Task directions
Give again, exactly as written, the lines of the records below from the line with "Elegant Sterling Silver" to the line with "누구나 이전 상태 루트". Both end lines count; pictures do not.

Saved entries
_ _ _ _ _ _ _

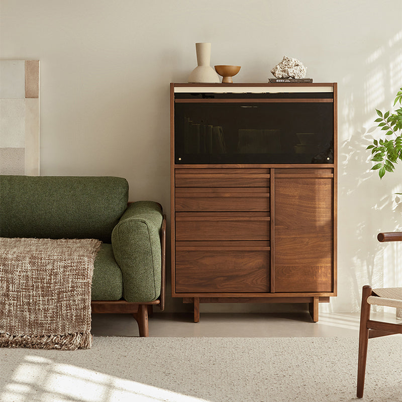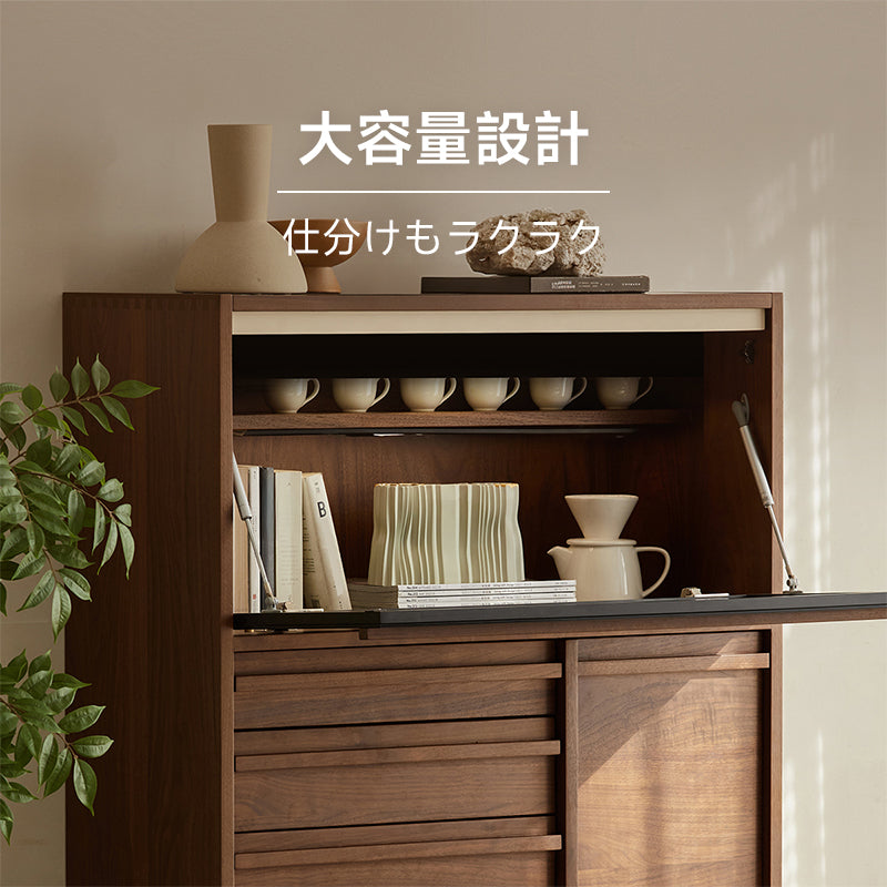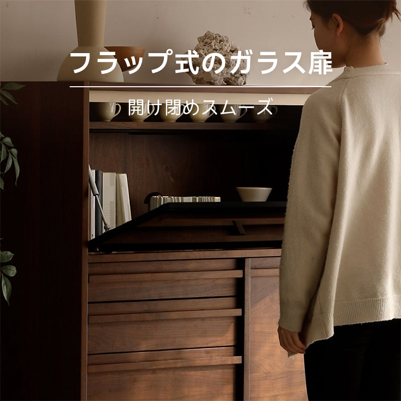 ウォールナット材 フラップ式ディスプレイキャビネットは、FASグレードの北米産ウォールナットを使用し、高級感と耐久性を兼ね備えています。美しい木目と深みのある色合いが特徴で、どんなインテリアにも調和します。フラップ式ガラス扉と大容量設計により、収納物をしっかりと保護し、整理整頓が可能です。頑丈な構造とシンプルで洗練されたデザインが、リビングやダイニング、オフィスなど様々な場所に適しています。環境に優しいFSC認証とAHEC認証を取得した木材を使用し、環境にも配慮しています。
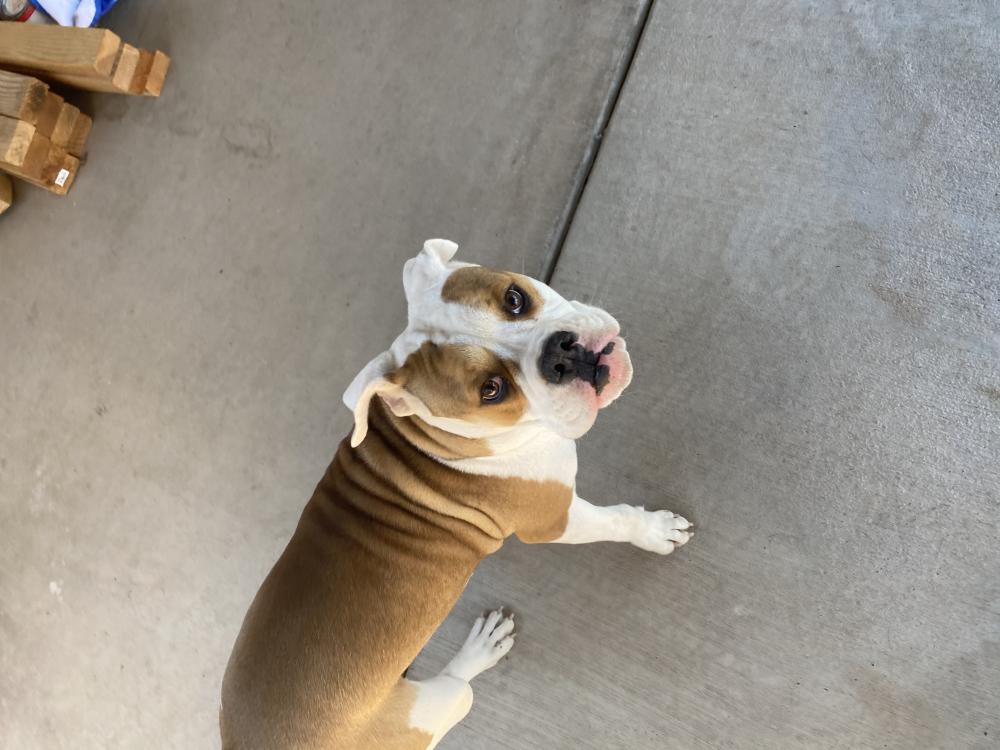 Pet Description:Female bully breed. Found walking down street. No collar or tags, and vet was unable to find chip. She is very friendly and hyper so I’m guessing she is younger. White with golden brown spots. |
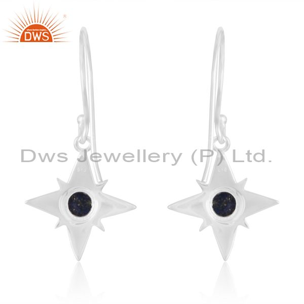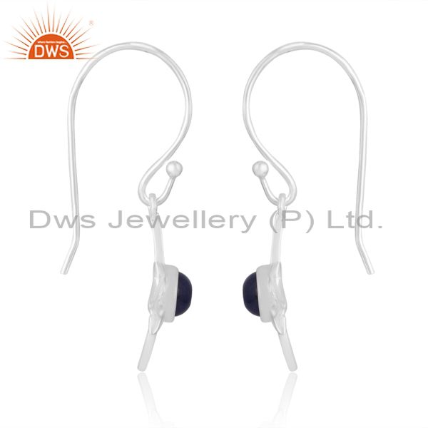Elegant Sterling Silver Lapis Cabushion Round Earrings
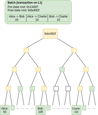 누구나 이전 상태 루트 및 새 상태 루트( 트랜잭션 처리 후 Merkle 루트)와 함께 고도로 압축된 트랜잭션 모음인 배치를 게시 할 수 있습니다 . 계약은 배치의 이전 상태 루트가 현재 상태 루트와 일치하는지 확인합니다. 그렇다면 상태 루트를 새 상태 루트로 전환합니다.
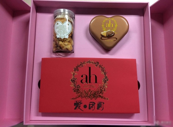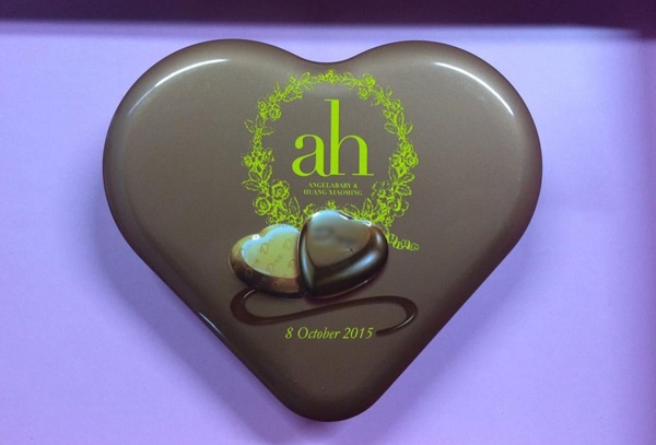 Đôi vợ chồng tặng hộp chocolate to, đặt ảnh Huỳnh Hiểu Minh và Angelababy trong trang phục truyền thống lồng vào trong quà.
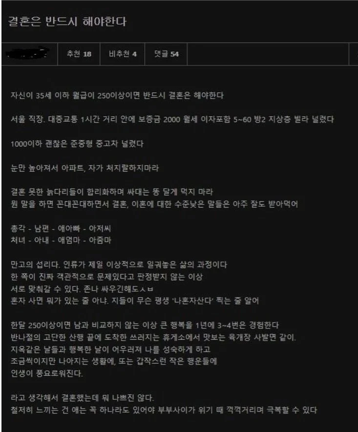 월급 250만원 이상이면 반드시 결혼을 해야한다
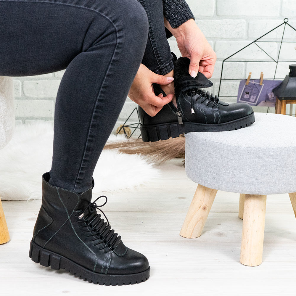 Ghete damă din piele naturală de culoare neagră, cu interior confortabil din blană și talpă antiderapantă din TR.
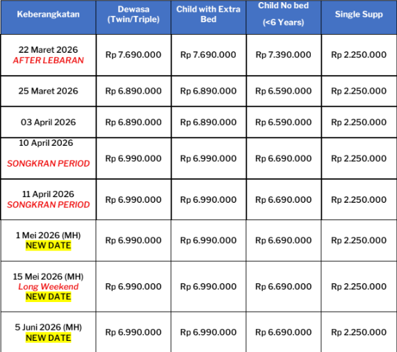 • Harga tour kami merupakan harga All in (Termasuk tax international), dengan tarif dasar mengikat apabila tamu sudah deposit, namun tax internasional tidak mengikat.
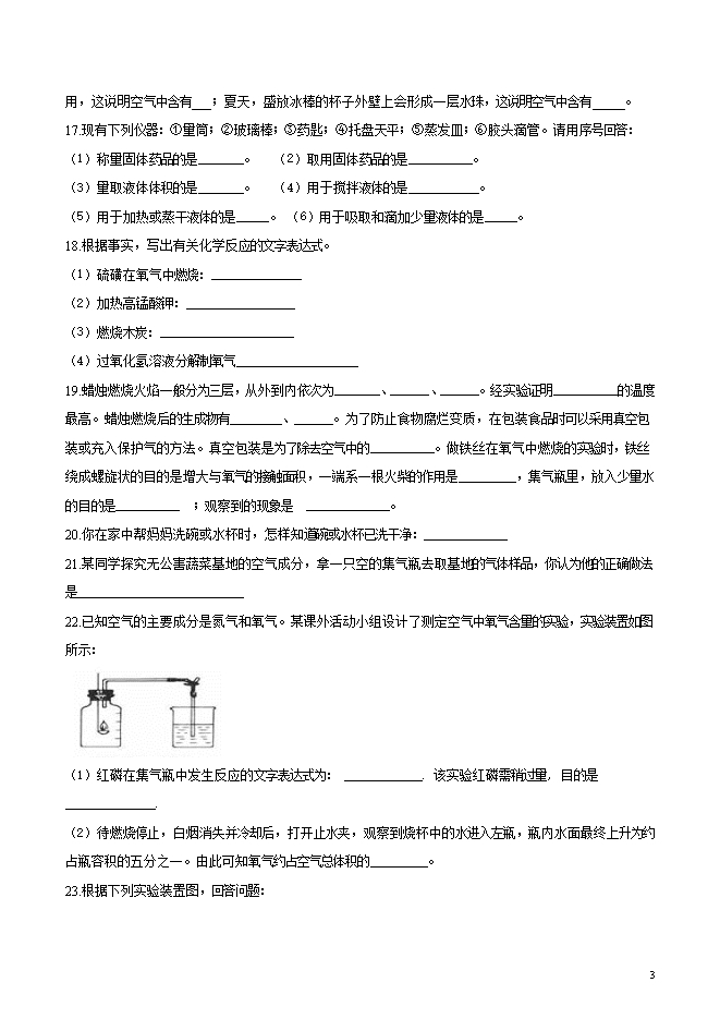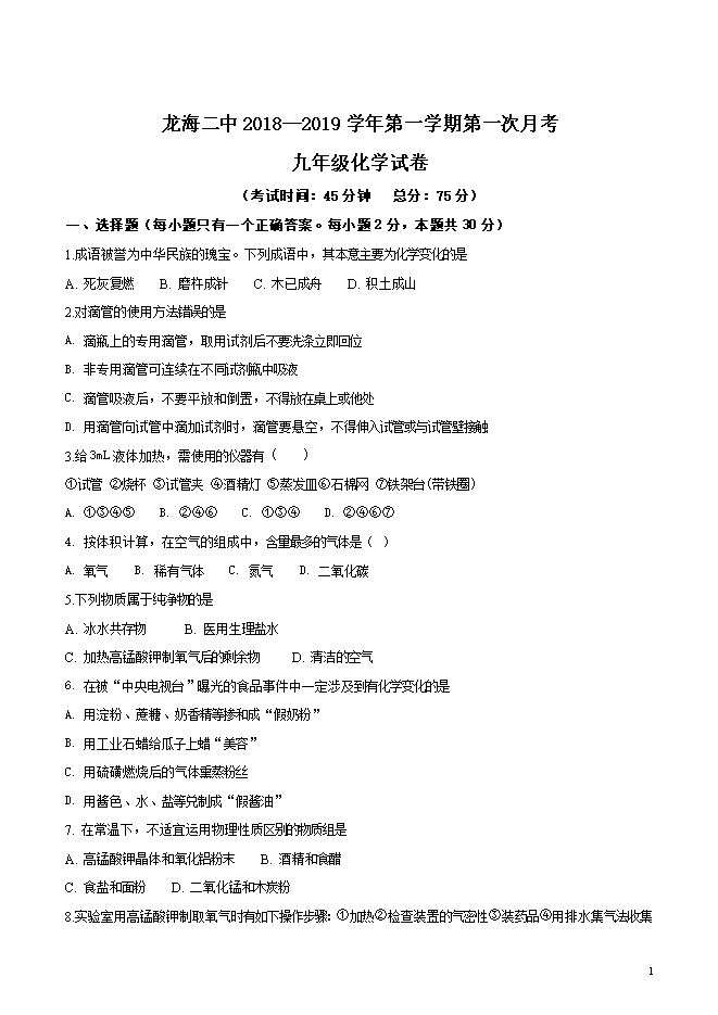 【内容简介】福建省龙海市第二中学2019届九年级上学期第一次月考化学试题(word版无答案)
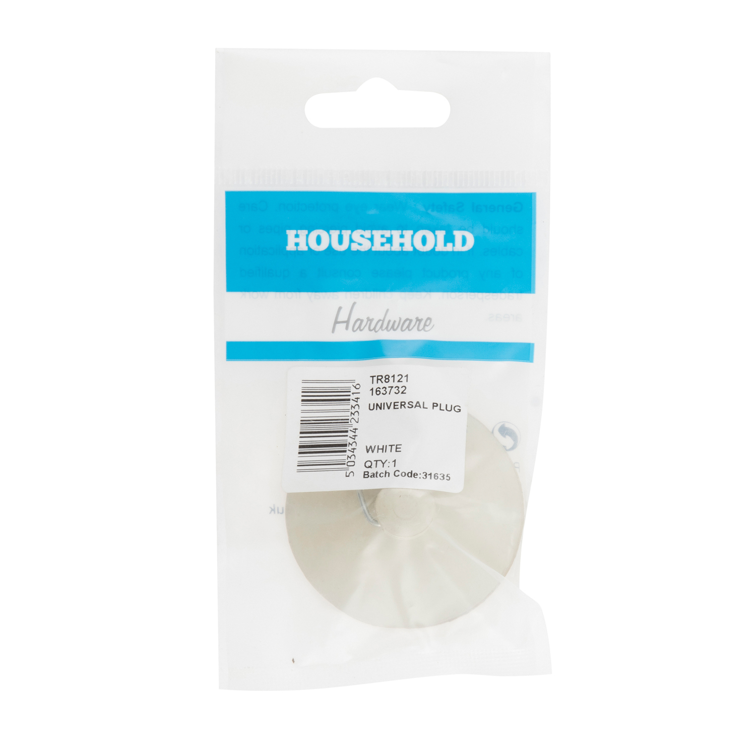 This white Universal Plug fits standard sinks and includes a handy loop for attaching a wire. Easy to install, this is an essential for any home.

_ _ _ _ _ _ _

Output for this task
Elegant Sterling Silver Lapis Cabushion Round Earrings
 누구나 이전 상태 루트 및 새 상태 루트( 트랜잭션 처리 후 Merkle 루트)와 함께 고도로 압축된 트랜잭션 모음인 배치를 게시 할 수 있습니다 . 계약은 배치의 이전 상태 루트가 현재 상태 루트와 일치하는지 확인합니다. 그렇다면 상태 루트를 새 상태 루트로 전환합니다.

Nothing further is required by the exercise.